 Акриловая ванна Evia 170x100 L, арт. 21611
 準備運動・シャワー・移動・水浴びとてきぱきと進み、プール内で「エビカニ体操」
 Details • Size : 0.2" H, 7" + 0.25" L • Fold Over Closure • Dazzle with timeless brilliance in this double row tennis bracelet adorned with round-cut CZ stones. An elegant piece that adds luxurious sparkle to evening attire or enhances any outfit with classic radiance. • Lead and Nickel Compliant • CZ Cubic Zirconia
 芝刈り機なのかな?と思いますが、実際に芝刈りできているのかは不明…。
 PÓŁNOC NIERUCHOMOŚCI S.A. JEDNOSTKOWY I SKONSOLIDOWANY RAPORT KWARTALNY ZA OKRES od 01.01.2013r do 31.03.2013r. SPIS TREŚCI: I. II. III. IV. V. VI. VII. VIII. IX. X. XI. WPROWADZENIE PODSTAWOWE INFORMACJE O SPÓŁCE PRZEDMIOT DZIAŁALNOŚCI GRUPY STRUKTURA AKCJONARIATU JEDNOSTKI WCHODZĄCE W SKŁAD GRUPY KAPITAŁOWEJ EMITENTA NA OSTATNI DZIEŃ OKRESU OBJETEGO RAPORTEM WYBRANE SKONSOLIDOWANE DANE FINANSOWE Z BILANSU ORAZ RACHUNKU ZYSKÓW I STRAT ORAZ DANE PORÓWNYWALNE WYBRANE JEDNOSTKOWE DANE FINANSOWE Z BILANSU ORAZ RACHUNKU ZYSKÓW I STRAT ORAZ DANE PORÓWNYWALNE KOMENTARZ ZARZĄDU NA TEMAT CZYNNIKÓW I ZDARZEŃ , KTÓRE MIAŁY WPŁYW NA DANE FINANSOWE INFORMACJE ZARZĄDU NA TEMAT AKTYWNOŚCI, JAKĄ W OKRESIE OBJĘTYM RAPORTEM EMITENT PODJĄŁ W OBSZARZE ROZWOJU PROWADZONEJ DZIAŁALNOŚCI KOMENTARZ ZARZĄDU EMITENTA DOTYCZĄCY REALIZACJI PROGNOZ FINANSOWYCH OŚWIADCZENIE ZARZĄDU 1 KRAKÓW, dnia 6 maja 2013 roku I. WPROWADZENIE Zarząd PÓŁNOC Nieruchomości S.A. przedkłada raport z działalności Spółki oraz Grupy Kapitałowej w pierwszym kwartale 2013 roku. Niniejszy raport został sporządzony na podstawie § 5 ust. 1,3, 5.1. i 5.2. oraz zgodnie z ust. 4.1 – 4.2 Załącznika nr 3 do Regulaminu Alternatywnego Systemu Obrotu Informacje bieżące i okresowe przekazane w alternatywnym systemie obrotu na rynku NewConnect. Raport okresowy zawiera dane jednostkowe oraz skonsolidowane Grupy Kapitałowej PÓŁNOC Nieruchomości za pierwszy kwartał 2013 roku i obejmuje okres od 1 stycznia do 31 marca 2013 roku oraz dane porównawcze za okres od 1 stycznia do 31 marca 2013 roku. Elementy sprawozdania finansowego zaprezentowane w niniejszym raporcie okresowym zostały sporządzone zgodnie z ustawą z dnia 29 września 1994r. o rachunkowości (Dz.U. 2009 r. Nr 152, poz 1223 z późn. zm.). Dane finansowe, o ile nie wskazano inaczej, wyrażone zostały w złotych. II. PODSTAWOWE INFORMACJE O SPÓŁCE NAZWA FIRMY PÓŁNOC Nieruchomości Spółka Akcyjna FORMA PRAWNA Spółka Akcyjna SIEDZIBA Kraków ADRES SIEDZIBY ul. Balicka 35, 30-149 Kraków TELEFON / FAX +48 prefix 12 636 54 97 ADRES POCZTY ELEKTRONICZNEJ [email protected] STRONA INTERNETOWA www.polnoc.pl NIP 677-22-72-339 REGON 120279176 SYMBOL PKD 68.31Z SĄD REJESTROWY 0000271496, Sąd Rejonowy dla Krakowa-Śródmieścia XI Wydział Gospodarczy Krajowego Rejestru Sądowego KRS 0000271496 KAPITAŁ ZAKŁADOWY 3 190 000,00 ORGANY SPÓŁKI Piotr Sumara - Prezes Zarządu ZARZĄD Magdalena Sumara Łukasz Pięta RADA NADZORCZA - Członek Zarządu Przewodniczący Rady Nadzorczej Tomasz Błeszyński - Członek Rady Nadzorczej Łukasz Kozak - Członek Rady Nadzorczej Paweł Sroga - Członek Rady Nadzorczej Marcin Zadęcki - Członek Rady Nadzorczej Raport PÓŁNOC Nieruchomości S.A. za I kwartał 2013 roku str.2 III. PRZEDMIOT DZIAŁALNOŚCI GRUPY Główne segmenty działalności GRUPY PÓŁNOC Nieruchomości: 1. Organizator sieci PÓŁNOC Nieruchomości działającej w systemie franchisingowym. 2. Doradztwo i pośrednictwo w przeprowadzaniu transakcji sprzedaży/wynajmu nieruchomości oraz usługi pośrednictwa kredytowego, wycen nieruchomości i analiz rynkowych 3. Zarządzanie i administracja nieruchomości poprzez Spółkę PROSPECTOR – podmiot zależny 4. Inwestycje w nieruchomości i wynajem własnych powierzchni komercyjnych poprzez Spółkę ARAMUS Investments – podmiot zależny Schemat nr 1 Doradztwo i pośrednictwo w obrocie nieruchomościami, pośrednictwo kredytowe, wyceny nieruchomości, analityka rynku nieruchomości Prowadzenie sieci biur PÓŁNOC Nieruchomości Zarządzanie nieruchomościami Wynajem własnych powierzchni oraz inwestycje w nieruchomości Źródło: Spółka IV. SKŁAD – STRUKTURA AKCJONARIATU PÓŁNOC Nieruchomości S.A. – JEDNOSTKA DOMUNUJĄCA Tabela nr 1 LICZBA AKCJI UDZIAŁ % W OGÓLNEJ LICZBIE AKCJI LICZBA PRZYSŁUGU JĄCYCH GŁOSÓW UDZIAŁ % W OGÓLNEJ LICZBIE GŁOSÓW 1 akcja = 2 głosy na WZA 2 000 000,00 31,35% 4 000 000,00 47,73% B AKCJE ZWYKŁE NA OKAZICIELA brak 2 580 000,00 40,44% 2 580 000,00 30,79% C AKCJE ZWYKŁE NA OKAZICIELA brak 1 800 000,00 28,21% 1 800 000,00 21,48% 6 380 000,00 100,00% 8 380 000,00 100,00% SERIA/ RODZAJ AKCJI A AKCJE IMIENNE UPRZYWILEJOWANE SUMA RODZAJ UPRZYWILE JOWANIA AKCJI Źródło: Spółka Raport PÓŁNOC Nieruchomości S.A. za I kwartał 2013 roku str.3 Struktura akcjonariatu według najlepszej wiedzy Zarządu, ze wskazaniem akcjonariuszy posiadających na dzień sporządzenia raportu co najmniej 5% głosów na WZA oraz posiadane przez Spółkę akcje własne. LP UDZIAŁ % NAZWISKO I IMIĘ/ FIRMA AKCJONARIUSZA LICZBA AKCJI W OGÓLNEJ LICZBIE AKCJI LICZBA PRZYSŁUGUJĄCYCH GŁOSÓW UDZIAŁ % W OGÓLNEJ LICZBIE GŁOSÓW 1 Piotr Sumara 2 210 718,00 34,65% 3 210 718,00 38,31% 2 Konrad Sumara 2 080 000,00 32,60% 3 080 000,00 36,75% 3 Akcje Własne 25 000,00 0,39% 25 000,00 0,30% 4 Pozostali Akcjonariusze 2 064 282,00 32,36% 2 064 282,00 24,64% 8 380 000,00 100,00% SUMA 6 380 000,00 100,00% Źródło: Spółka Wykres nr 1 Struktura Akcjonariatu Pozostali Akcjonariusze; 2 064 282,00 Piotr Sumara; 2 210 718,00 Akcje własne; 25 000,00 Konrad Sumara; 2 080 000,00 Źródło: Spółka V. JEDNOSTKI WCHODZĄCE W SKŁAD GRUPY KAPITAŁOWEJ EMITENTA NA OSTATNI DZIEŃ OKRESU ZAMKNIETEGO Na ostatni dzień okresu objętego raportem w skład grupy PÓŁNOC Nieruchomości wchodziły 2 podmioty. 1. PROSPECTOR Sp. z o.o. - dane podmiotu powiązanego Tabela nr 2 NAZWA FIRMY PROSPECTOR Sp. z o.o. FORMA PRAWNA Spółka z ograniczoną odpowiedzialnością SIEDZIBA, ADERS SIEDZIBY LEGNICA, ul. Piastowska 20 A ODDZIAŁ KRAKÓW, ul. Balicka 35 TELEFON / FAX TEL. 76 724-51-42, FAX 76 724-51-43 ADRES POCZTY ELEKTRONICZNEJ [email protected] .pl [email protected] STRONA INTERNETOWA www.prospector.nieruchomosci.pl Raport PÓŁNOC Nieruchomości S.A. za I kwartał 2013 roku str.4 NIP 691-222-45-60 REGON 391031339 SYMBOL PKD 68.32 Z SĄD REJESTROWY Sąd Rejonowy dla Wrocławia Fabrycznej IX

===

Requirement: Start with the line above that contains "準備運動・シャワー・移動・水浴びとてきぱきと進み、プール内で「エビカニ体操」" and stop after the line that contains "芝刈り機なのかな?と思いますが、実際に芝刈りできているのかは不明…。". Output those lines exactly, and only those.

Answer:
 準備運動・シャワー・移動・水浴びとてきぱきと進み、プール内で「エビカニ体操」
 Details • Size : 0.2" H, 7" + 0.25" L • Fold Over Closure • Dazzle with timeless brilliance in this double row tennis bracelet adorned with round-cut CZ stones. An elegant piece that adds luxurious sparkle to evening attire or enhances any outfit with classic radiance. • Lead and Nickel Compliant • CZ Cubic Zirconia
 芝刈り機なのかな?と思いますが、実際に芝刈りできているのかは不明…。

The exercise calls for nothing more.